LeSean discussed how in collaborating with other artists he wanted to communicate his ideas and encourage them to suggest their own but at the same time wanted to steer away from suggestions he disliked without stemming freedom. This was highlighted with the concept sketches he received for S.A.M., who along the way to the final design he approved varied between being an anime-style moe (cute) little girl to a scantily clad older one. He had a clear vision of the character that was not defined by anything taken as sexually provocative.
Casey Turnbuckle, an older maintenance robot S.A.M. encounters, was influenced by old school animation characters/porcelain dolls and Thomas’ observation that as an outdated model she should visibly look robotic compared to the human looking S.A.M.
Philly the Kid is an infamous criminal that S.A.M and Casey encounter. LeSean highlighted that although what has been shown from the series thus far implies it to be a Western, the revealed content occurs on roughly the fourth day of S.A.M.’s adventure and that Cannon Busters will feature a range of settings. In turn each of the characters highlights a different motif; S.A.M. is European fantasy, Casey is steampunk and Philly is indeed an embodiment of the wild west.
Rejected designs for Philly included a Japanese kabuki style and one with a syringe perched between his teeth. LeSean ultimately gave the direction of ‘less Spike Spiegel, more a 25 year old Huey from The Boondocks’, stressing to the audience that Philly is an immortal (hence his nickname) and that his look should imply that in addition to a personal inspiration from Go Nagai’s Devilman. Every time Philly ‘dies’ he loses a piece of his memory, resulting in him being slightly crazy and stubborn. Further to that, Philly’s role of an immortal outlaw pursued by a menagerie of bounty hunters is an intentional nod to Vash the Stampede/Trigun.
Bessie, designed by Romain, is a gigantic Cadillac/land ship that Philly is in possession of. The car is quarter powered and has a subdued AI that forms a bond with Casey. When loaded with four quarters, Bessie transforms into her Raging Bull mecha form. This form is not as combat orientated as many famous mecha are, possessing limited built in weaponary.

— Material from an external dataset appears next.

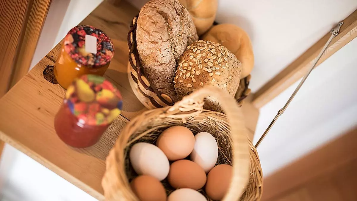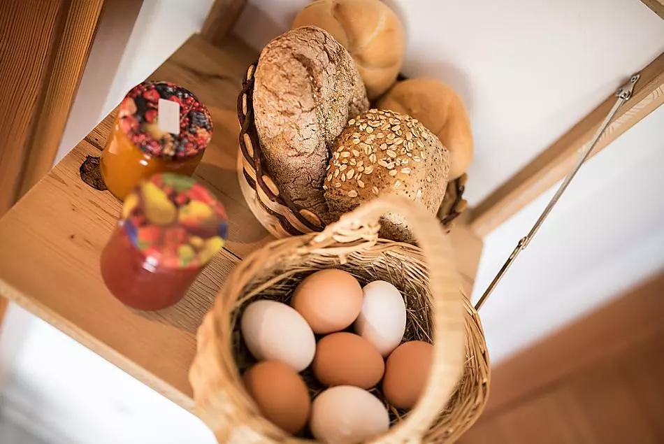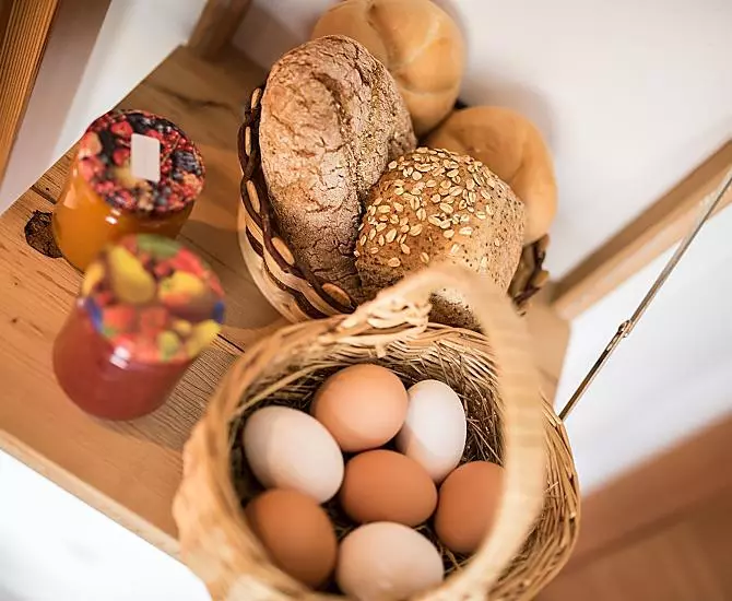 Eier, Fruchtaufstriche, Fruchtsäfte, Kräutergewürze, Frisches Obst je nach Saison ...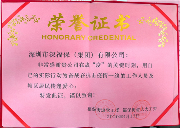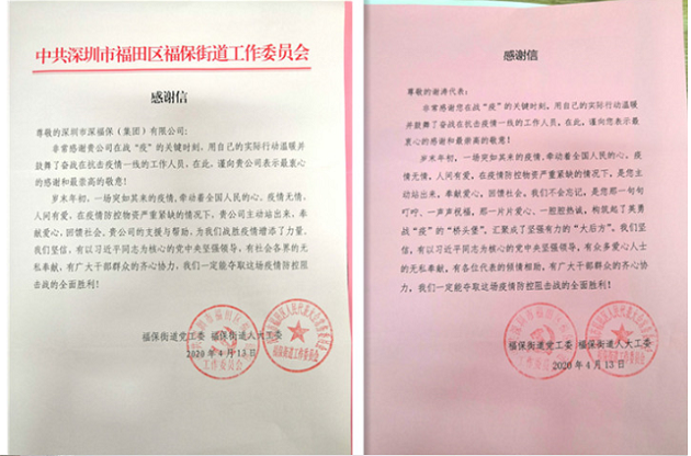 近日,福保街道党工委、福保街道人大工委向集团颁发了抗疫荣誉证书和感谢信,表彰和感谢乐鱼leyu集团及福田区人大代表、集团党委书记董事长谢涛在抗疫期间对辖区一线抗疫工作的支持和配合。市公安局交通警察局向物业公司颁发了《同舟共济以爱筑城》荣誉证书,感谢物业公司在抗疫期间对交警工作的关心与支持。

Asked about the most challenging design aspect on Cannon Busters, LeSean commented he felt it was the bounty hunters. A group of designs they initially felt would be throwaway instead went through many changes and variants. Concerning the issue of racism against robot characters from human characters, he revealed that part of the setting backstory involves magically infused robotic war golems that unintentionally gained sentience and rebelled when peace treaties called for their destruction. This wiped out scores of the population and set the stage for the country that produced S.A.M. to produce various models of robots to help fill the now damaged sectors of society. S.A.M. will encounter differing reactions to robotic life and, although drawing on his work on both The Boondocks and Black Dynamite, LeSean sees this as a chance to go deeper with social commentary and allegory.
For those interested in keeping up with Cannon Busters, LeSean recommended keeping up with both the official website and official Twitter account. Although the Kickstarter has ended, people can currently still donate using Paypal via a page on the official site and in turn qualify for tiered rewards.
The Cannon Busters pilot is scheduled to be released January 2016.